═════ Data records ═════

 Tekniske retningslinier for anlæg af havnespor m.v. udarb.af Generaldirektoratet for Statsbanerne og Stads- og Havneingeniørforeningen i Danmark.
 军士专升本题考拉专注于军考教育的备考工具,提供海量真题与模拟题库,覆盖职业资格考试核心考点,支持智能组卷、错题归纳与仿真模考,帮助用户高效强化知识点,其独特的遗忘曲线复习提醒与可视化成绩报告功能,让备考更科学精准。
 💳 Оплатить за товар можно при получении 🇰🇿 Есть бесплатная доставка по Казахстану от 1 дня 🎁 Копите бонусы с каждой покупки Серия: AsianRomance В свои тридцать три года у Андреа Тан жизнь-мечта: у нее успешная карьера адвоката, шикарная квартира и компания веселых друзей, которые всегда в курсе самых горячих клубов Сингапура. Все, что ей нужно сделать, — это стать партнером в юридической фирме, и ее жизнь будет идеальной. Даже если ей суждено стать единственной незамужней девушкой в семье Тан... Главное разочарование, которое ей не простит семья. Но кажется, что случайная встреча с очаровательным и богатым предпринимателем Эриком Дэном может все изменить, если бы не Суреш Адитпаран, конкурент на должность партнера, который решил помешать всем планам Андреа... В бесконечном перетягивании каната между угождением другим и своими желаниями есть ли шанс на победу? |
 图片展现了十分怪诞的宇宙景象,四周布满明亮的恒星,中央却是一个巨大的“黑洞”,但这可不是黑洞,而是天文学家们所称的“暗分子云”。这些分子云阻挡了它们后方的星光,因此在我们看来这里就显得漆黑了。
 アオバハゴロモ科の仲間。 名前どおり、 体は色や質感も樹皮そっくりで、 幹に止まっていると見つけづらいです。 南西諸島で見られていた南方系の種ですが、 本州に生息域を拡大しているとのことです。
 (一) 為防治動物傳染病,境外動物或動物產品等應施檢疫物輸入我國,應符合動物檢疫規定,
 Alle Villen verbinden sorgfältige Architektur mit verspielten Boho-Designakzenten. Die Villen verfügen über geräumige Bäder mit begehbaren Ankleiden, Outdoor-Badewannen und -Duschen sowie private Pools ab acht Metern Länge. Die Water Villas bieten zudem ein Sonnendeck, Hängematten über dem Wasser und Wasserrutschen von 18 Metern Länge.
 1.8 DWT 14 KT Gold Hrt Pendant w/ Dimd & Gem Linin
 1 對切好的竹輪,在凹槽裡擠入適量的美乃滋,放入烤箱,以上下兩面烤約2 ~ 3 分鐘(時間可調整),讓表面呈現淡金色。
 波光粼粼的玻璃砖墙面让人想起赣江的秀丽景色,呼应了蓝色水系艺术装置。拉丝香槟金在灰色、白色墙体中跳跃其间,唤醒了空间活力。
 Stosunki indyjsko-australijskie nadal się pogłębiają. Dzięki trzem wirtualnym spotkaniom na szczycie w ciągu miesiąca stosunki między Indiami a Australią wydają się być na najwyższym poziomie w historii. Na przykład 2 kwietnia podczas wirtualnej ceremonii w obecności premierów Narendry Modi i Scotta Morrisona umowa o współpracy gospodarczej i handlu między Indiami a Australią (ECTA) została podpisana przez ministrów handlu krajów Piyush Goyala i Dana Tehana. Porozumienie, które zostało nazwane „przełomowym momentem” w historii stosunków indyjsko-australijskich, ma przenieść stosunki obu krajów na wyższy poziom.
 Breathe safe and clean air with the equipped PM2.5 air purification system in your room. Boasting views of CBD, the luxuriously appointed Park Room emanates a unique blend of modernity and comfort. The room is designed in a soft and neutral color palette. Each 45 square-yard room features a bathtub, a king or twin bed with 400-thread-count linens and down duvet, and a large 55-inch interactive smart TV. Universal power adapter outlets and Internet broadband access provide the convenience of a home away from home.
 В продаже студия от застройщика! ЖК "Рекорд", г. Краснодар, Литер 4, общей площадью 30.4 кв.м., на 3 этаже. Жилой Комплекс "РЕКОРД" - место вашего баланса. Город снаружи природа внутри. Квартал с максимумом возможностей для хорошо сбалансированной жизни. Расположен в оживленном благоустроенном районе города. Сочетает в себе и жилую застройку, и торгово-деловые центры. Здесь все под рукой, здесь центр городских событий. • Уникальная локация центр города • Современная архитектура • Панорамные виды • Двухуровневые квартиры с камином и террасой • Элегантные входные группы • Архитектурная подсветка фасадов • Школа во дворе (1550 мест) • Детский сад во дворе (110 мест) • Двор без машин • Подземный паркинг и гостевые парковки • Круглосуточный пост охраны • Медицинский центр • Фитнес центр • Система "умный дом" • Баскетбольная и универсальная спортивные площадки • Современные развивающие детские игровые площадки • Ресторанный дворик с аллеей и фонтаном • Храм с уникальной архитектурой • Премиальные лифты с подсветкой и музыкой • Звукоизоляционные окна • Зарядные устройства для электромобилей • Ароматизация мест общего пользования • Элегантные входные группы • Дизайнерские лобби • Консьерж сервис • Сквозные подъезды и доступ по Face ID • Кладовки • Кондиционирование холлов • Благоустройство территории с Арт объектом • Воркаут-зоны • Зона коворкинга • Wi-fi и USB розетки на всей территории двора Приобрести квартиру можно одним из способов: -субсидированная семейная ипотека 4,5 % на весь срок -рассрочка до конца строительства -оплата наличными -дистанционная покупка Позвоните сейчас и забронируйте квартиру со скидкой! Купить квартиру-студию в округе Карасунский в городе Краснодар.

═════

__Your objective__
Reproduce only this range: the first line of the data above through the line with "Alle Villen verbinden", both included, exactly as written.

__Reply to the exercise__
 Tekniske retningslinier for anlæg af havnespor m.v. udarb.af Generaldirektoratet for Statsbanerne og Stads- og Havneingeniørforeningen i Danmark.
 军士专升本题考拉专注于军考教育的备考工具,提供海量真题与模拟题库,覆盖职业资格考试核心考点,支持智能组卷、错题归纳与仿真模考,帮助用户高效强化知识点,其独特的遗忘曲线复习提醒与可视化成绩报告功能,让备考更科学精准。
 💳 Оплатить за товар можно при получении 🇰🇿 Есть бесплатная доставка по Казахстану от 1 дня 🎁 Копите бонусы с каждой покупки Серия: AsianRomance В свои тридцать три года у Андреа Тан жизнь-мечта: у нее успешная карьера адвоката, шикарная квартира и компания веселых друзей, которые всегда в курсе самых горячих клубов Сингапура. Все, что ей нужно сделать, — это стать партнером в юридической фирме, и ее жизнь будет идеальной. Даже если ей суждено стать единственной незамужней девушкой в семье Тан... Главное разочарование, которое ей не простит семья. Но кажется, что случайная встреча с очаровательным и богатым предпринимателем Эриком Дэном может все изменить, если бы не Суреш Адитпаран, конкурент на должность партнера, который решил помешать всем планам Андреа... В бесконечном перетягивании каната между угождением другим и своими желаниями есть ли шанс на победу? |
 图片展现了十分怪诞的宇宙景象,四周布满明亮的恒星,中央却是一个巨大的“黑洞”,但这可不是黑洞,而是天文学家们所称的“暗分子云”。这些分子云阻挡了它们后方的星光,因此在我们看来这里就显得漆黑了。
 アオバハゴロモ科の仲間。 名前どおり、 体は色や質感も樹皮そっくりで、 幹に止まっていると見つけづらいです。 南西諸島で見られていた南方系の種ですが、 本州に生息域を拡大しているとのことです。
 (一) 為防治動物傳染病,境外動物或動物產品等應施檢疫物輸入我國,應符合動物檢疫規定,
 Alle Villen verbinden sorgfältige Architektur mit verspielten Boho-Designakzenten. Die Villen verfügen über geräumige Bäder mit begehbaren Ankleiden, Outdoor-Badewannen und -Duschen sowie private Pools ab acht Metern Länge. Die Water Villas bieten zudem ein Sonnendeck, Hängematten über dem Wasser und Wasserrutschen von 18 Metern Länge.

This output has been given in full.